-- Supplied data follows --

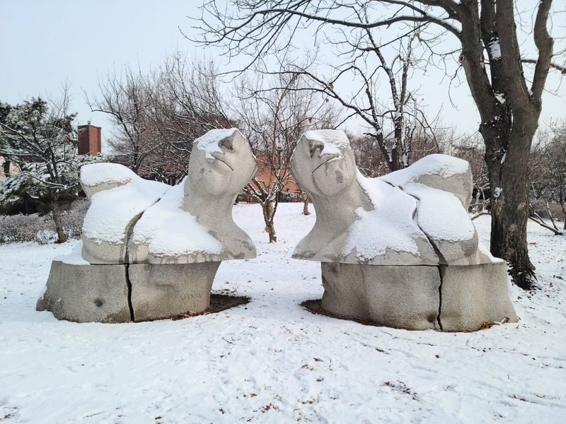 서울올림픽공원 숲길을 걷다 보면 두 사람이 서로를 향해 기울어진 거대한 화강암 조각을 만난다. 알제리 출신 조각가 아마라 모한(Amara Mohan)이 1987년 제작한 작품 ‘대화’다. 이 작품은 1988 서울올림픽을 기념해 조성된 국제조각공원에 설치된 작품으로, 높이 약 3.3m, 길이 약 6m에 이르는 대형 화강암 조각이다. 서로 마주보며 몸을 기울인 두 인물 형상이 특징적이며, 올림픽공원을 대표하는 상징적 조형물로 자리 잡고 있다.
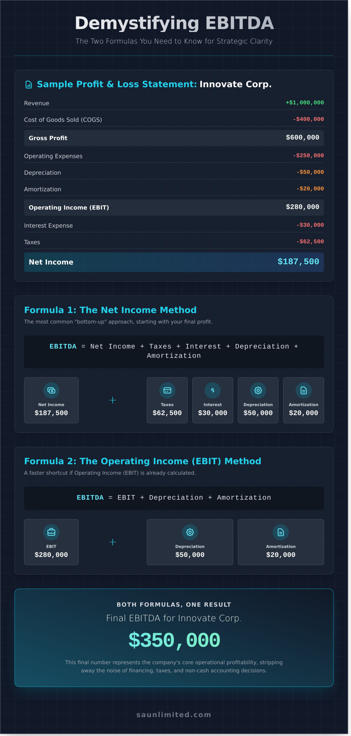 To unlock strategic clarity, you must first know your numbers. Fortunately, calculating this core metric isn’t complex. While the concept is straightforward, mastering the nuances of calculating EBITDA is crucial for accurate financial analysis. There are two primary, reliable formulas to get you to the same powerful number. Let’s walk through them using a simplified Profit & Loss (P&L) statement for a hypothetical company, Innovate Corp.
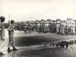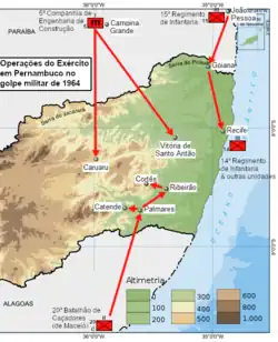 In the countryside, the Peasant Leagues attracted fears.[115] The right saw revolutionary potential in the Brazilian countryman, which served to justify the coup as a defense of legality. Part of the left thought the same, and some members of the Leagues even formed a guerrilla movement, the Tiradentes Revolutionary Movement. The organization received support from Cuba.[116][117] Its discovery and dismantling in 1962 brought repercussion disproportionate to its size.[118] However, the strong reaction that the coup leaders expected in the Northeast did not materialize.[119] In Pernambuco, the outbreaks of peasant reaction that did appear were unarmed.[h]
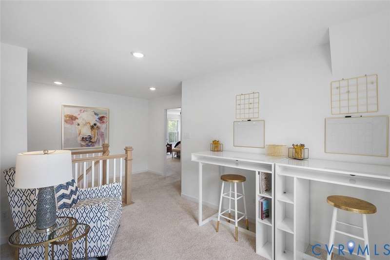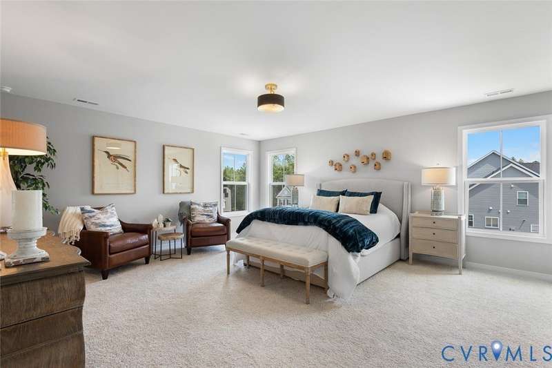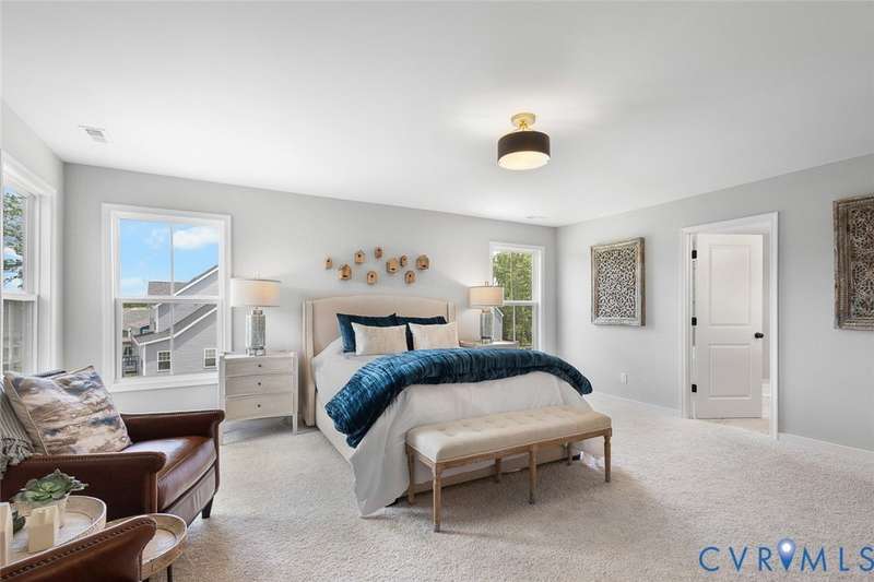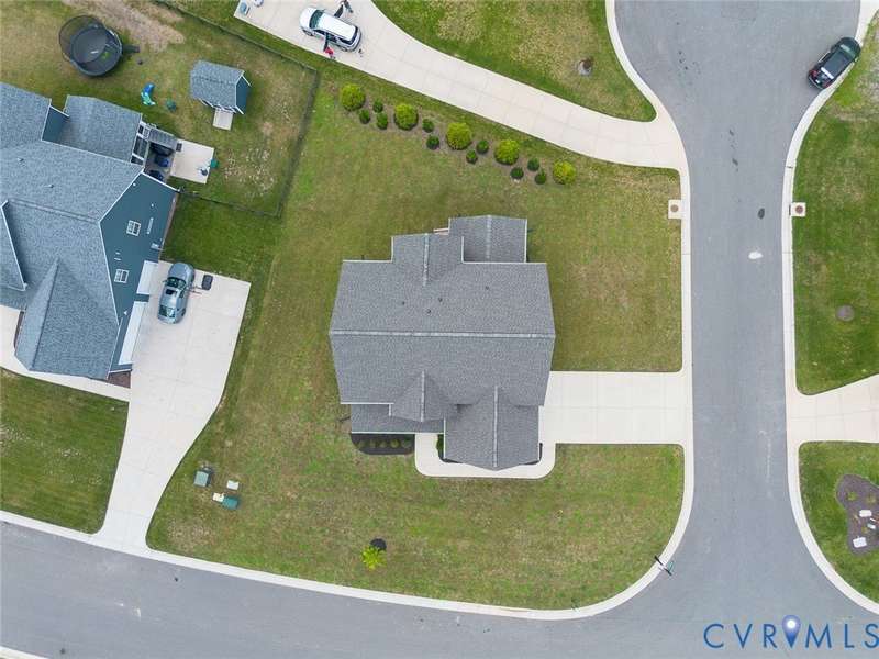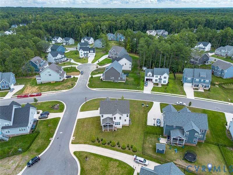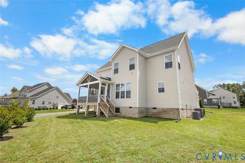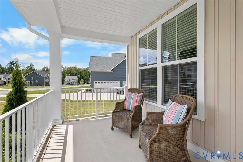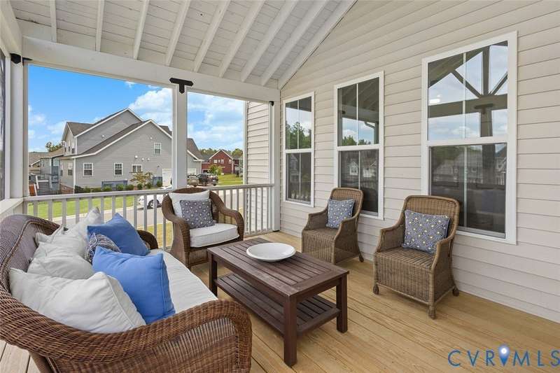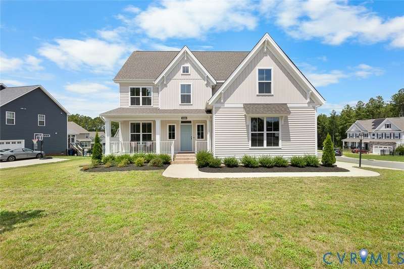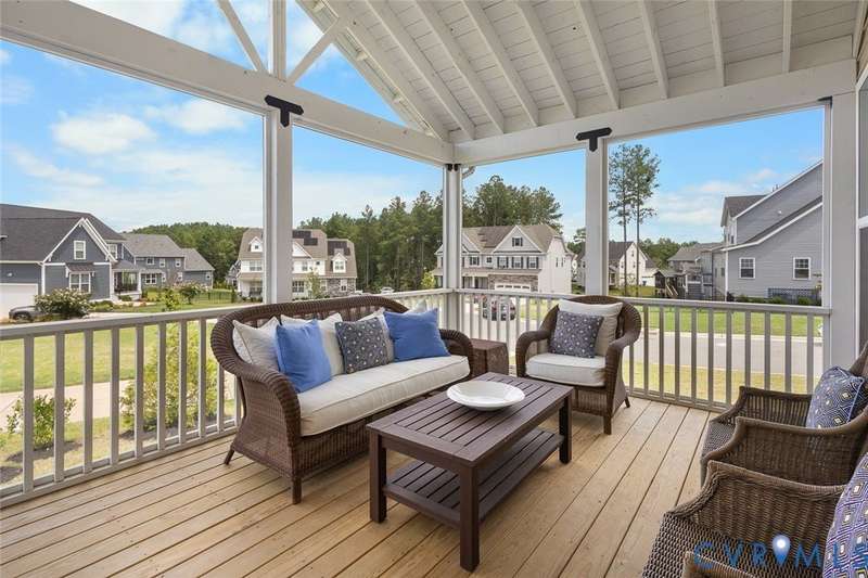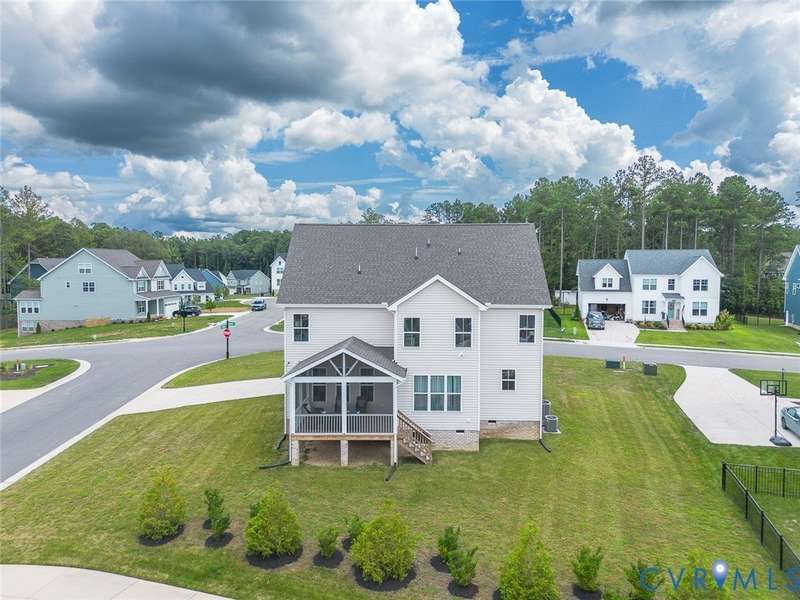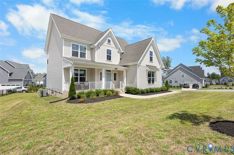 Welcome to this former model home, like new, gorgeous home in the highly sought-after Harpers Mill. First floor boasts 9+ ceilings, modern style engineered hardwood floors throughout & great natural light. From the moment you step into this home you feel the elegance & warmth. Nice sized foyer to welcome guests & a coat closet. An open flow plan with the kitchen, dining & living room creates a warm setting for entertaining & family! The kitchen boasts quartz countertops, Parry Blue Fish scale glossy ceramic tile back splash, a large center island with built-in seating area, shaker style cabinets, gas cooking, wall oven, built-in microwave & dining area that leads to the perfect screened porch! Enjoy the spacious living room with a cozy gas fireplace. A great mud room right off the garage is creates space for a drop zone when arriving home. The office/study on the front of the house is tucked away giving the needed seclusion to accomplish work or enjoy reading a book. Upstairs you will find all the bedrooms. The primary room is the perfect escape with luxurious carpet & plenty of space for a sitting area. The ensuite boasts a soaking tub, walk-in shower, with a glass surround & tile walls & floor. The double sink vanity is oversized giving plenty of storage & counter space. A private water closet. The walk-in closet is huge & also has that luxurious carpet, you will absolutely feel pampered! Three additional bedrooms with the same luxurious carpet, light fixtures & sufficient closet space. The third floor features a huge bonus room with a full bathroom. Don't miss the 2 EV plugs in the garage. The irrigation system will help keep your landscaping and grass looking good all year. Blue Ribbon Chesterfield schools, neighborhood amenities including pool, clubhouse, dog park, & amphitheater. Located near great shopping and dining on the Hull St Corridor. Absolutely a must see! It is completely move in ready and just waiting for you.

-- Supplied data concluded --

● Problem details: Print only the lines from the opening line of the listing to the line containing "In the countryside, the", inclusive, exactly as they appear and without pictures.

● Exercise response:
 서울올림픽공원 숲길을 걷다 보면 두 사람이 서로를 향해 기울어진 거대한 화강암 조각을 만난다. 알제리 출신 조각가 아마라 모한(Amara Mohan)이 1987년 제작한 작품 ‘대화’다. 이 작품은 1988 서울올림픽을 기념해 조성된 국제조각공원에 설치된 작품으로, 높이 약 3.3m, 길이 약 6m에 이르는 대형 화강암 조각이다. 서로 마주보며 몸을 기울인 두 인물 형상이 특징적이며, 올림픽공원을 대표하는 상징적 조형물로 자리 잡고 있다.
 To unlock strategic clarity, you must first know your numbers. Fortunately, calculating this core metric isn’t complex. While the concept is straightforward, mastering the nuances of calculating EBITDA is crucial for accurate financial analysis. There are two primary, reliable formulas to get you to the same powerful number. Let’s walk through them using a simplified Profit & Loss (P&L) statement for a hypothetical company, Innovate Corp.
 In the countryside, the Peasant Leagues attracted fears.[115] The right saw revolutionary potential in the Brazilian countryman, which served to justify the coup as a defense of legality. Part of the left thought the same, and some members of the Leagues even formed a guerrilla movement, the Tiradentes Revolutionary Movement. The organization received support from Cuba.[116][117] Its discovery and dismantling in 1962 brought repercussion disproportionate to its size.[118] However, the strong reaction that the coup leaders expected in the Northeast did not materialize.[119] In Pernambuco, the outbreaks of peasant reaction that did appear were unarmed.[h]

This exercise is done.